The bill titled the Colombo Port City Economic Commission was gazetted on March 23 and the ruling Rajapaksa administration tabled it in Parliament last week. The bill aims to provide for a special economic zone to establish a commission to grant registrations, licenses, authorisations and other approvals to operate business in such economic zones.
Chief Justice Jayantha Jayasuriya has appointed a 5-member bench of the highest court to hear petitions next week, officials said.
The port city, a pet Chinese project of the administration of President Mahinda Rajapaksa and touted by the government as an investment hub for foreign capital, commenced in 2014 to build a financial centre on reclaimed sea land in extent little less than 3 kilometres at Galle Face seafront in the heart of Colombo.
The project was suspended in 2015 with Rajapaksa’s defeat and was revived by the successor Maithripala Sirisena’s government after a pause.
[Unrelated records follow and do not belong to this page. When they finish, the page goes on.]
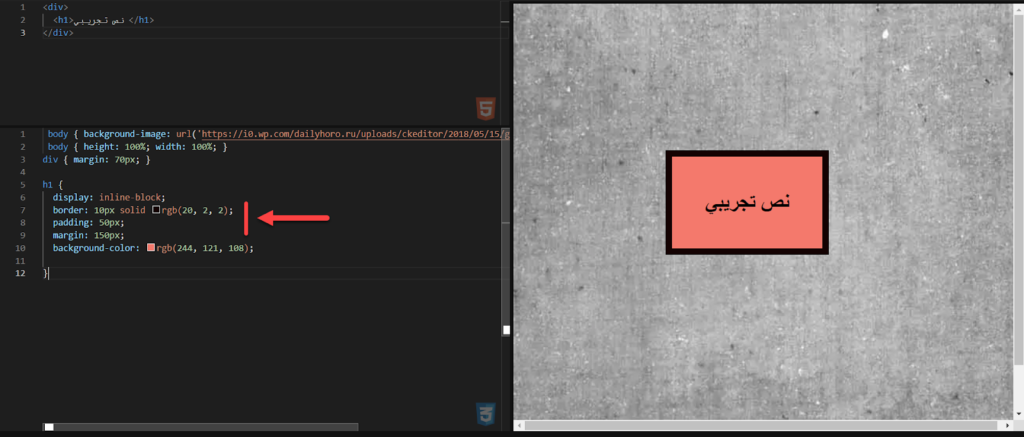 ستلاحظ أن نص التعليق لم يظهر في نتيجة كود CSS، وكذلك تم إلغاء تفعيل كود CSS الخاص بالخلفية والحجم عن إضافة رمز "/*" في بداية ونهاية الكود.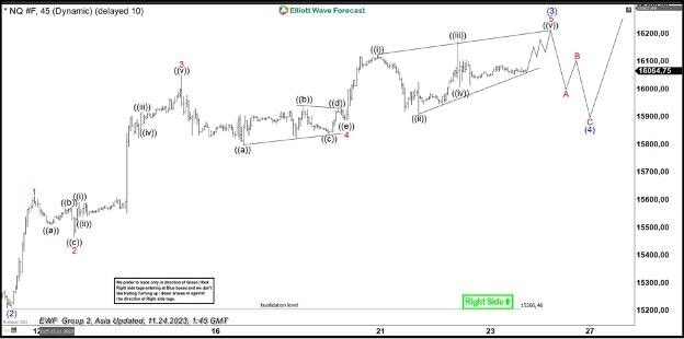Short term Elliott Wave in Nasdaq Futures (NQ_F) shows cycle from October 27, 2023 low is unfolding as a 5 waves impulse. This cycle is mature even though it still can extend higher in the shorter cycle. Up from October 27 low, wave (1) ended at 15453.75 and pullback in wave (2) ended at 15207.75. The Index then extended higher in wave (3). Up from wave (2), wave 1 ended at 15612.75 and wave 2 ended at 15465.25.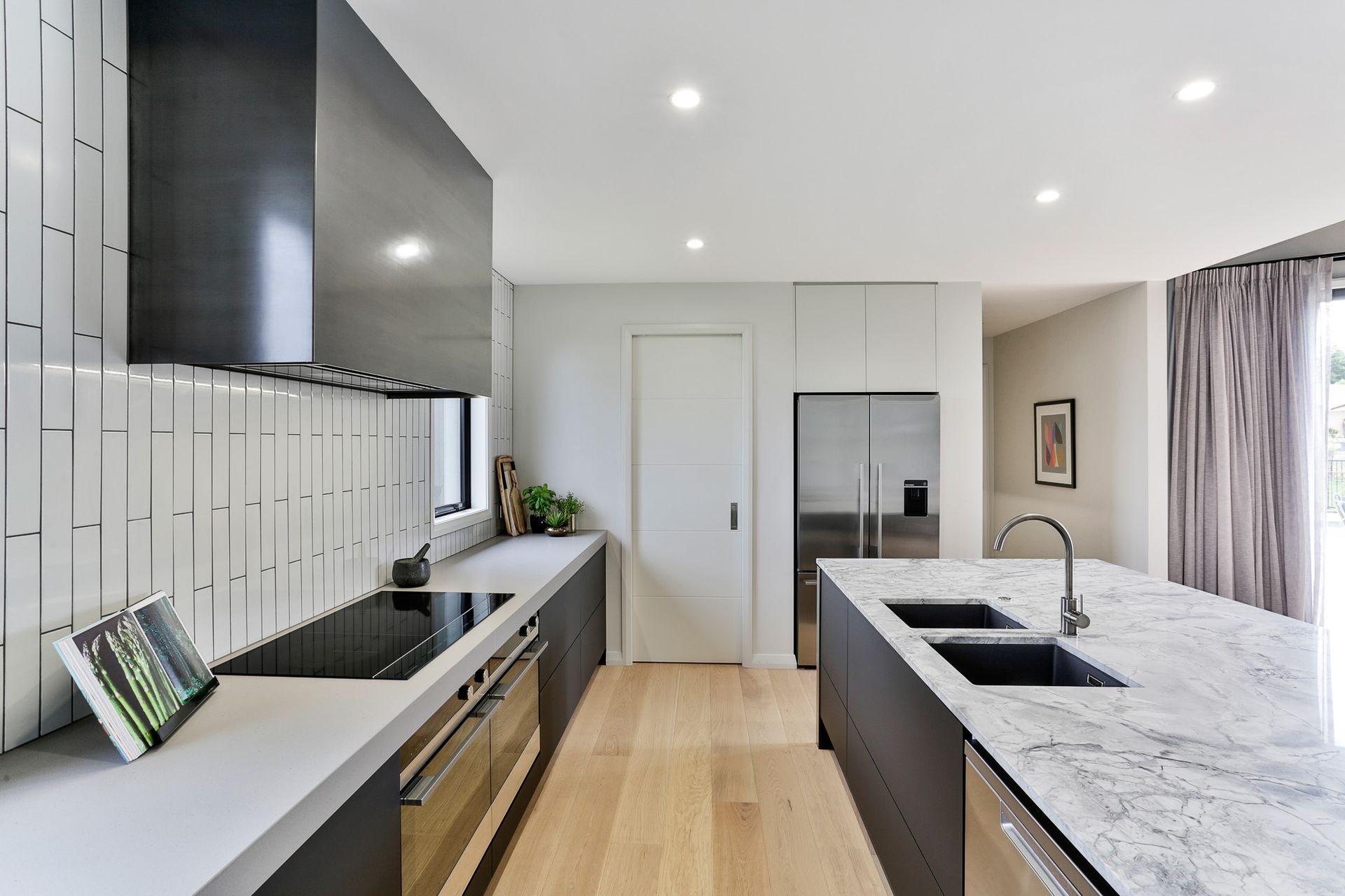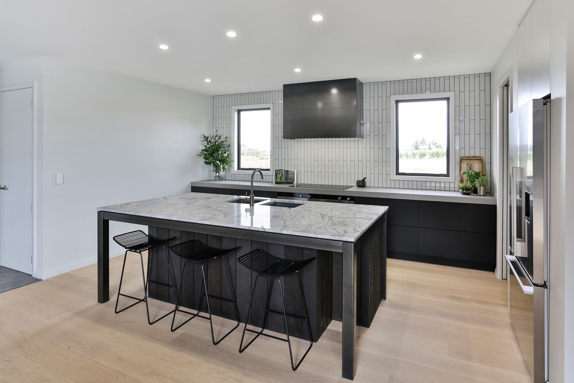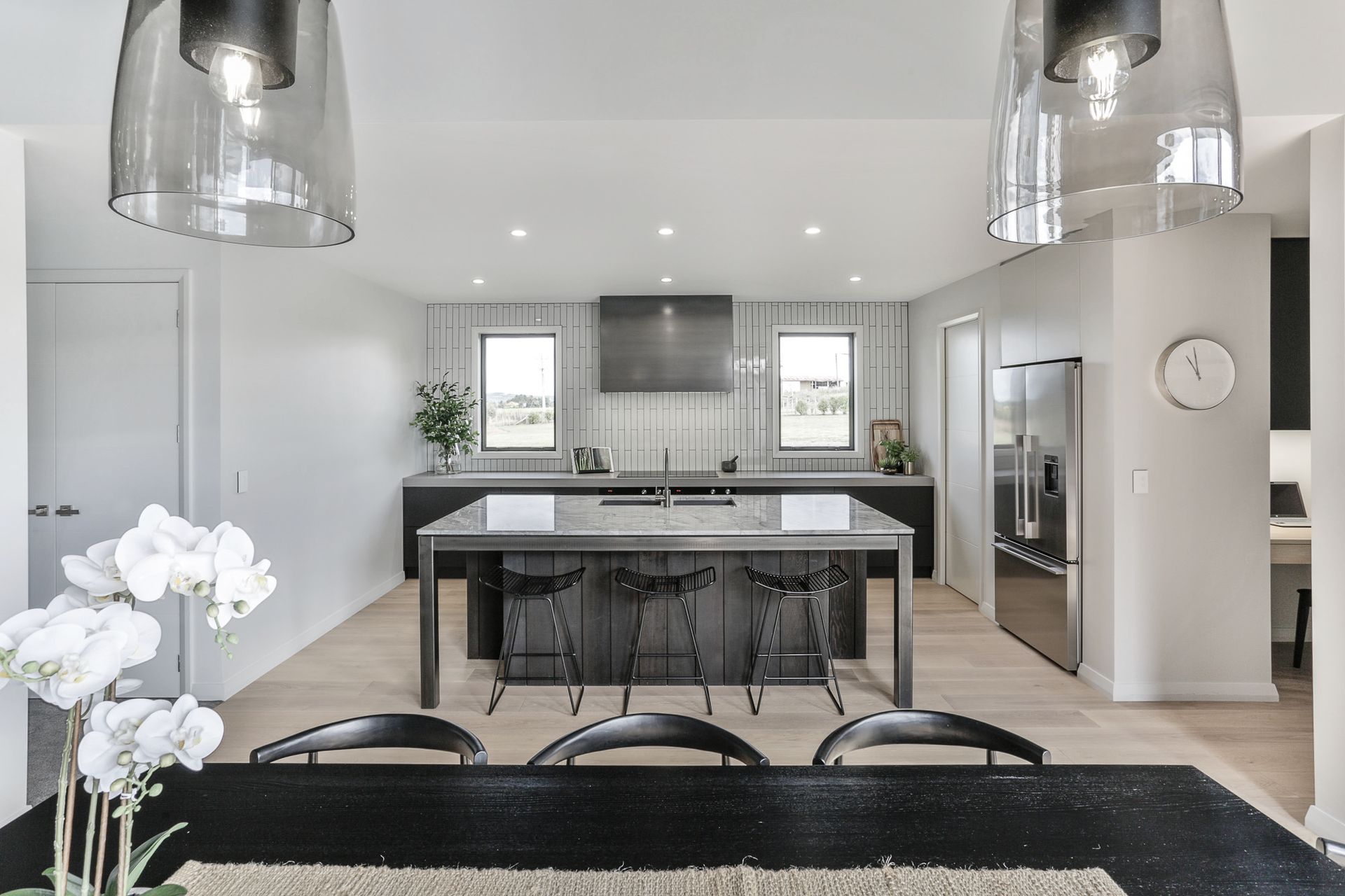 ArchiPro Project Summary - Jericho: A 2018 architectural masterpiece featuring floor-to-ceiling windows, spacious bedrooms for privacy, and a luxurious kitchen designed in collaboration with Carlielle Kitchens, all set against a stunning rural landscape.

It was completed in 2018.
However, Sri Lanka‘s Opposition parties, including the United National Party (UNP), the Janatha Vimukthi Peramuna (JVP), civil society organisations, trade unions, on Thursday challenged the constitutional validity of the proposed legislation for the Port City.
The petitioners against the bill claimed that a number of provisions in the bill violates the Constitution and violates labour rights.
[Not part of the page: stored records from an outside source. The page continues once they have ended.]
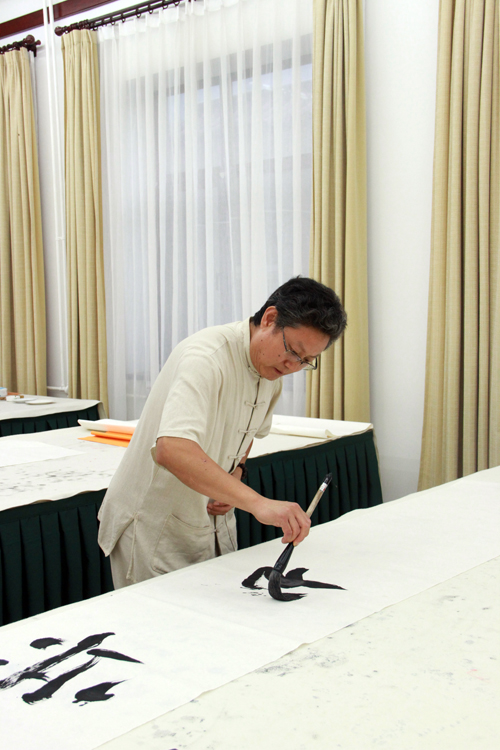 北京凤凰岭美术馆理论部主任褚哲伦展示书法笔墨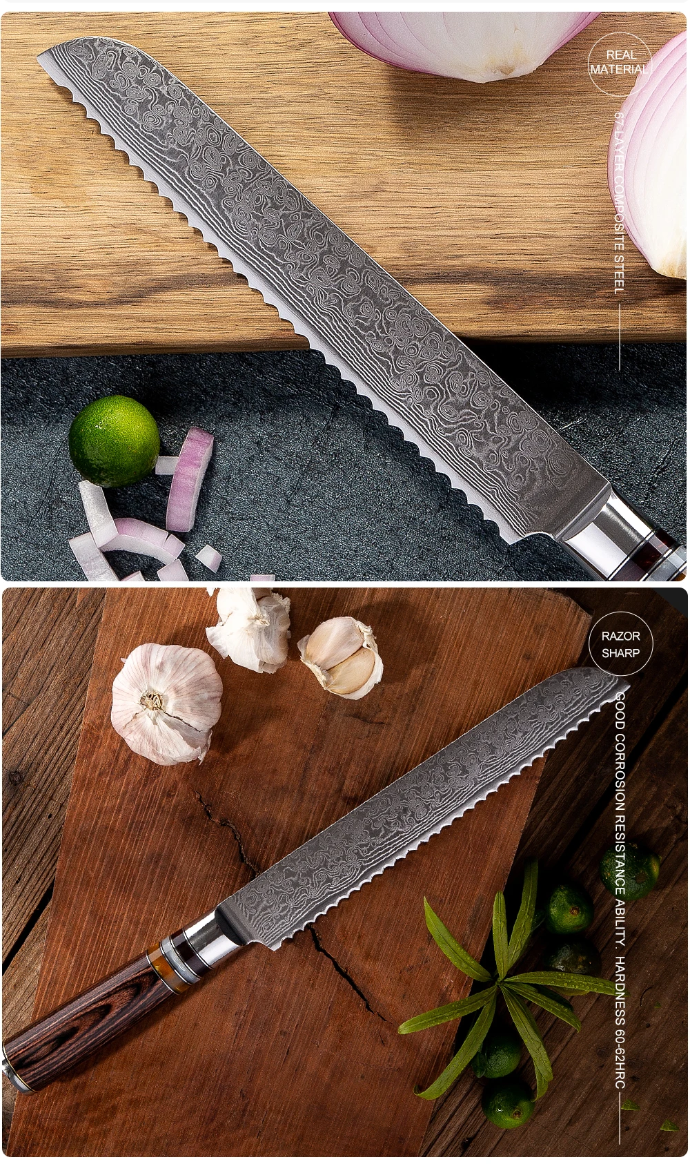 8 дюймовый нож для хлеба из японской дамасской нержавеющей стали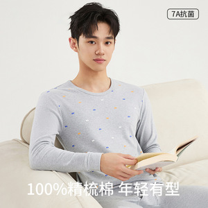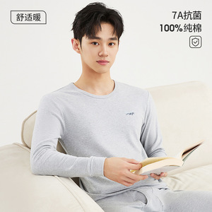 保暖内衣男全棉薄款线衣线裤套装打底内穿棉毛衫青年纯棉秋衣秋裤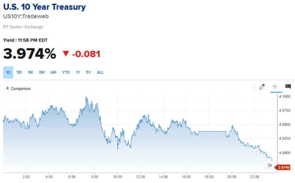 Il rendimento del Treasury statunitense a 10 anni è sceso sotto il 4% per la prima volta da ottobre.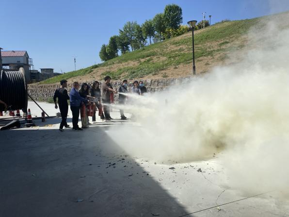 在学校东区后山空地,蔡鹏老师结合实际案例,向同学们详细讲解基本消防安全知识,如火灾的成因、预防措施、扑救方法、逃生技巧等。同时带领同学们进行消防演练实践,训练大家正确使用灭火器等应急设备。学院领导、教师代表也积极参与其中。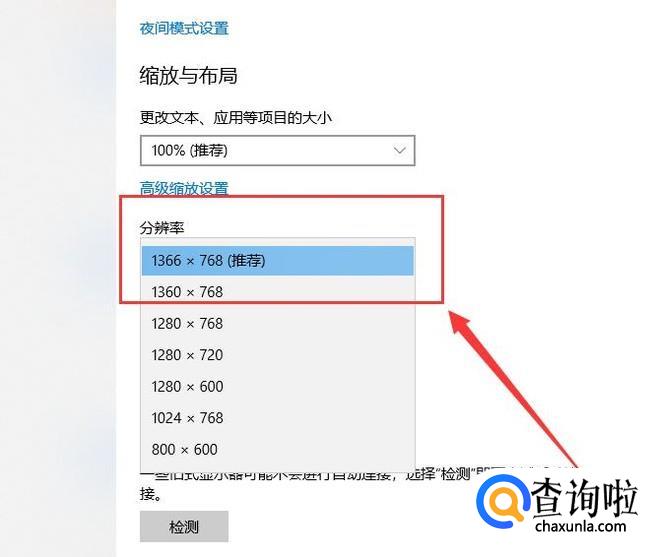 在系统设置界面,即可看到分辨率设置,在这里可以看到系统推荐的分辨率,一般按着系统推荐设置分辨率最佳。

In their petitions, the petitioners asked the Supreme Court to rule that the bill must be passed by a two-thirds majority in Parliament and by a referendum if it is to become law.
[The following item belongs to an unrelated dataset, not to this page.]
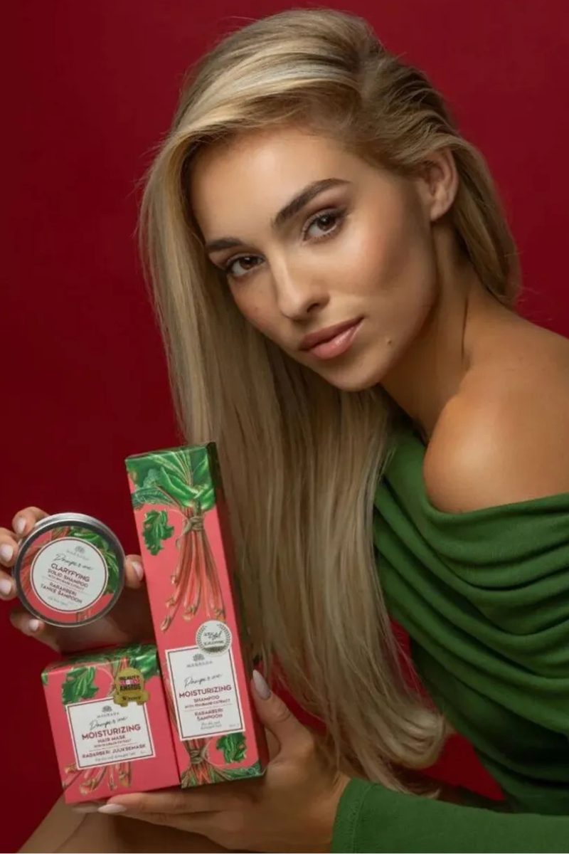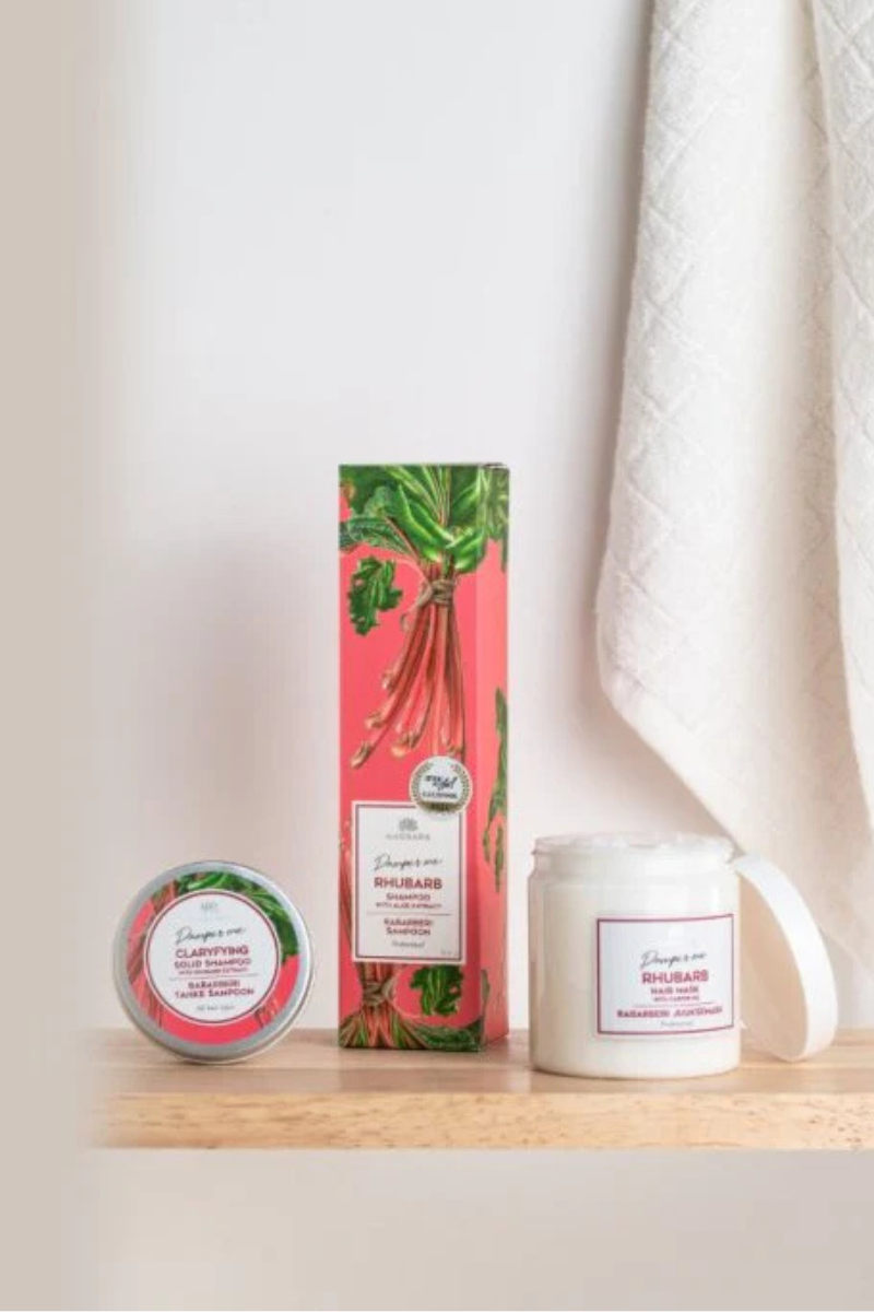 Drėkinamasis natūralus šampūnas sausiems ir pažeistiems plaukams su sultingu rabarbarų aromatu.

The petitions said that the Port City Commission to be established will be empowered under the Act to the detriment of the territorial integrity and sovereignty of Sri Lanka.
The Colombo Port City project, expected to play a key role in China‘s ambitious ‘Maritime Silk Road’ project in India’s backyard, is said to be the single largest private sector development ever in the island.
Sri Lanka, in recent years carried out various development projects with an estimated USD eight billion loans.
The huge Chinese loans sparked concerns globally after Sri Lanka handed over the Hambantota port to China in 2017 as debt swap amounting to USD 1.2 billion for a 99 years’ lease.